### Task item
As soon as the line containing "I 2020 blev" appears in the material below, start returning lines exactly, and end with the line containing "早在8月29日,肇慶市公共資".

------ Exercise data ------

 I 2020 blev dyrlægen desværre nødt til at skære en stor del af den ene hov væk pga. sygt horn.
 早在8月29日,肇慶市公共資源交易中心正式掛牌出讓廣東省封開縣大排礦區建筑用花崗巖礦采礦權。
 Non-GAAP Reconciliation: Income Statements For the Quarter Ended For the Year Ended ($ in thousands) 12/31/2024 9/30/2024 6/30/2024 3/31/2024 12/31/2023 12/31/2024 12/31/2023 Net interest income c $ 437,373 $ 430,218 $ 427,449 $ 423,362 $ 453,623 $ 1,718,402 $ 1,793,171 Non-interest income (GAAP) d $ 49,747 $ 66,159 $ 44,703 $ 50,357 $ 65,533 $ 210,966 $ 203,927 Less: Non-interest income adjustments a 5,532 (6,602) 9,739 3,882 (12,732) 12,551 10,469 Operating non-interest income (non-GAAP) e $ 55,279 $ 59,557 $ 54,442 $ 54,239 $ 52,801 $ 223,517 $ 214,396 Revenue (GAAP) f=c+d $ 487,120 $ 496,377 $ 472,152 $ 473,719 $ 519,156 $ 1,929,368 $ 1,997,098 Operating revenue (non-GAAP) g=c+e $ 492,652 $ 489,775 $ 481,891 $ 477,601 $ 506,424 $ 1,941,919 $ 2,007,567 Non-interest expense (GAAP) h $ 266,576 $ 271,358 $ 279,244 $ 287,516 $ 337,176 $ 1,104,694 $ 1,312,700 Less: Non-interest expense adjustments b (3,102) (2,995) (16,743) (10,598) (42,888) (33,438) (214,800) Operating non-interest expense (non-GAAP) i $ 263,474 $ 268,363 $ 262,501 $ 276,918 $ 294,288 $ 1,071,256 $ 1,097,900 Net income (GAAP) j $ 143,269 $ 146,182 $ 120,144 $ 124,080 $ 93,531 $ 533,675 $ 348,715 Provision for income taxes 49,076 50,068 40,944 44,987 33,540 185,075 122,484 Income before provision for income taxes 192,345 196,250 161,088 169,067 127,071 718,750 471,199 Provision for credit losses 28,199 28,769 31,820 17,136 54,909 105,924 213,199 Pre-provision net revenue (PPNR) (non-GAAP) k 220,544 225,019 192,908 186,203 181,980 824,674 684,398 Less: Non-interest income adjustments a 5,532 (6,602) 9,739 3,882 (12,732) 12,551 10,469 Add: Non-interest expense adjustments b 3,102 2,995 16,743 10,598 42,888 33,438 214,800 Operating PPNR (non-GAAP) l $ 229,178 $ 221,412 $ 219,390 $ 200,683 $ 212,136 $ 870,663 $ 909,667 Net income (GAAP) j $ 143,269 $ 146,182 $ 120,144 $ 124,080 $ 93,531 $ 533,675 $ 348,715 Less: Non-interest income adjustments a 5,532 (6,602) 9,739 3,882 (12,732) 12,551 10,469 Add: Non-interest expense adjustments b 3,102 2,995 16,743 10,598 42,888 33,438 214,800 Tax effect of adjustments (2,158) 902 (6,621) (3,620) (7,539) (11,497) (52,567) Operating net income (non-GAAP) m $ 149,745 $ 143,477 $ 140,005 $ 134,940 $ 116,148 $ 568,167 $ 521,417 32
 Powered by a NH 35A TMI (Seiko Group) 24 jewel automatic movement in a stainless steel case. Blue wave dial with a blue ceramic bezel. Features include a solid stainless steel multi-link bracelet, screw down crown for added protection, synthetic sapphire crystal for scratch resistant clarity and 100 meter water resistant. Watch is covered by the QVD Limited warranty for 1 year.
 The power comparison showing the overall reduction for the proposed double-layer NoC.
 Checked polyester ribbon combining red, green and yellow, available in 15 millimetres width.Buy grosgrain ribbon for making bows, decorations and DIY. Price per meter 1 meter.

------
------ Exercise data ------

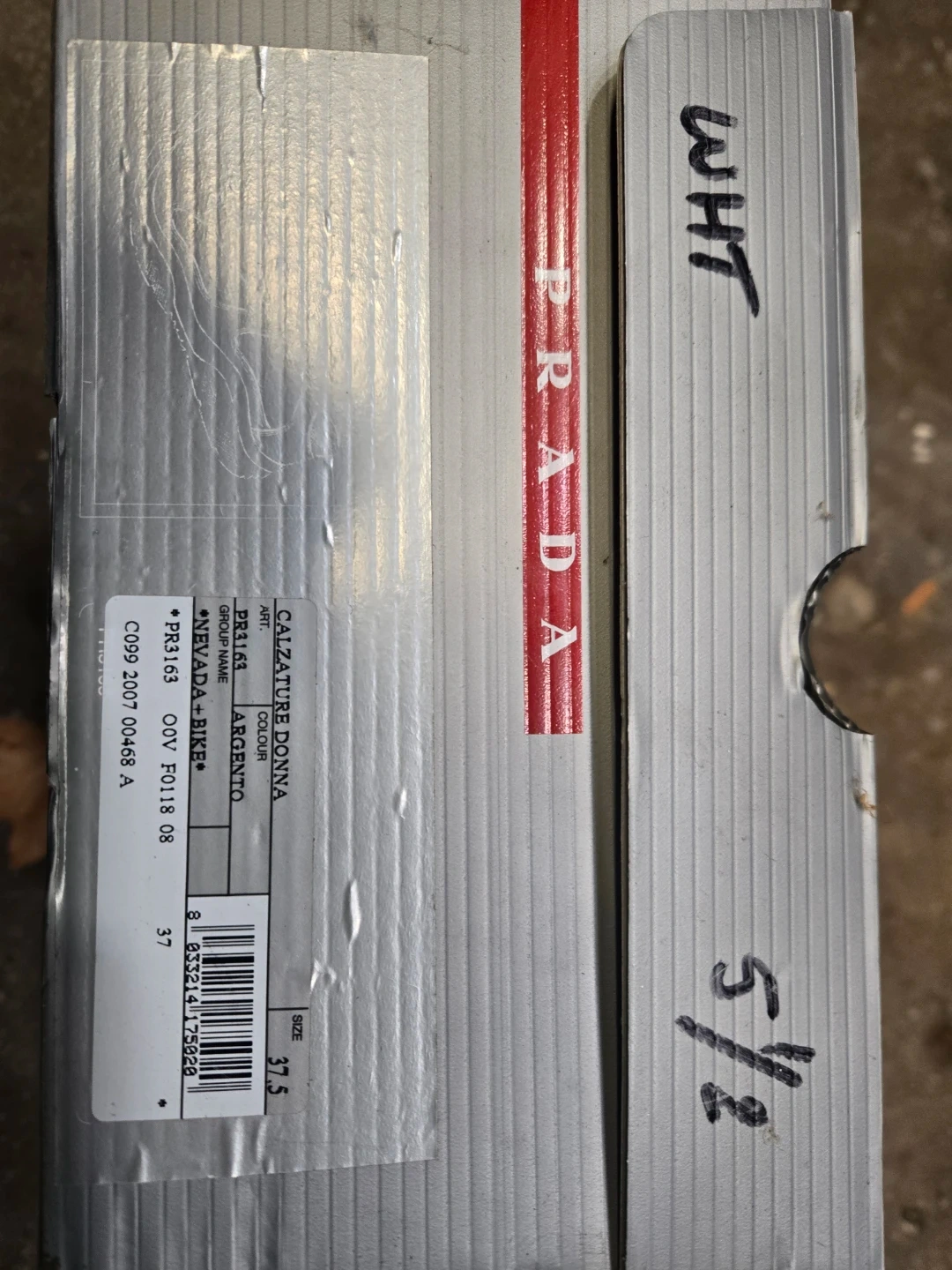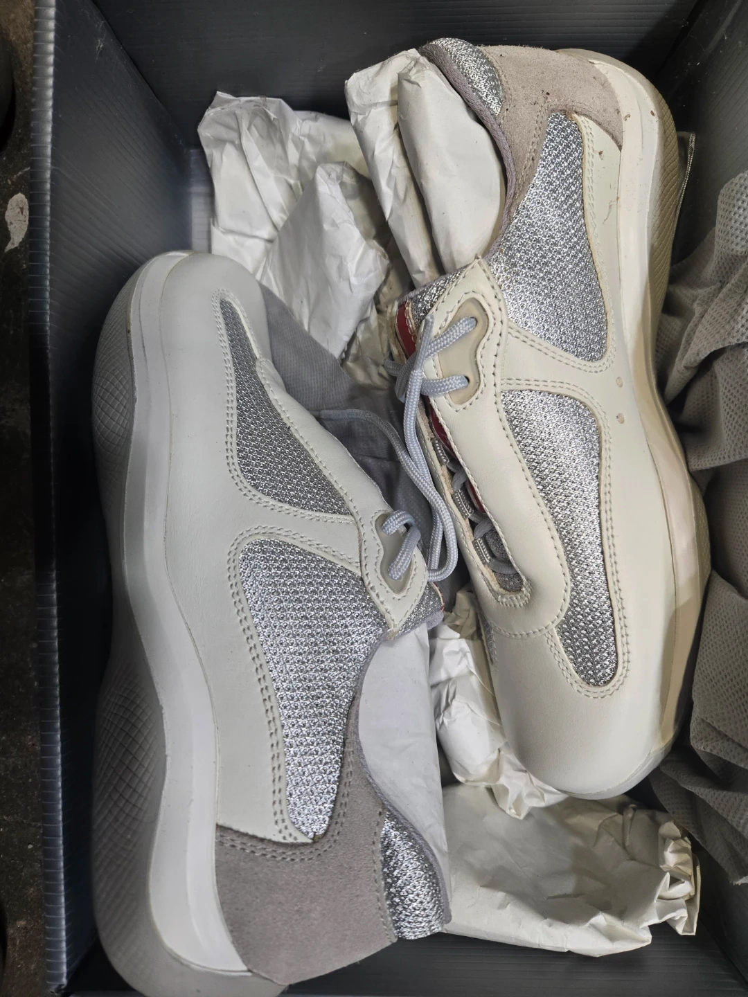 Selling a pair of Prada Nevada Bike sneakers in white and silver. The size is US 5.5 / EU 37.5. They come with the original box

------

### Completed task
 I 2020 blev dyrlægen desværre nødt til at skære en stor del af den ene hov væk pga. sygt horn.
 早在8月29日,肇慶市公共資源交易中心正式掛牌出讓廣東省封開縣大排礦區建筑用花崗巖礦采礦權。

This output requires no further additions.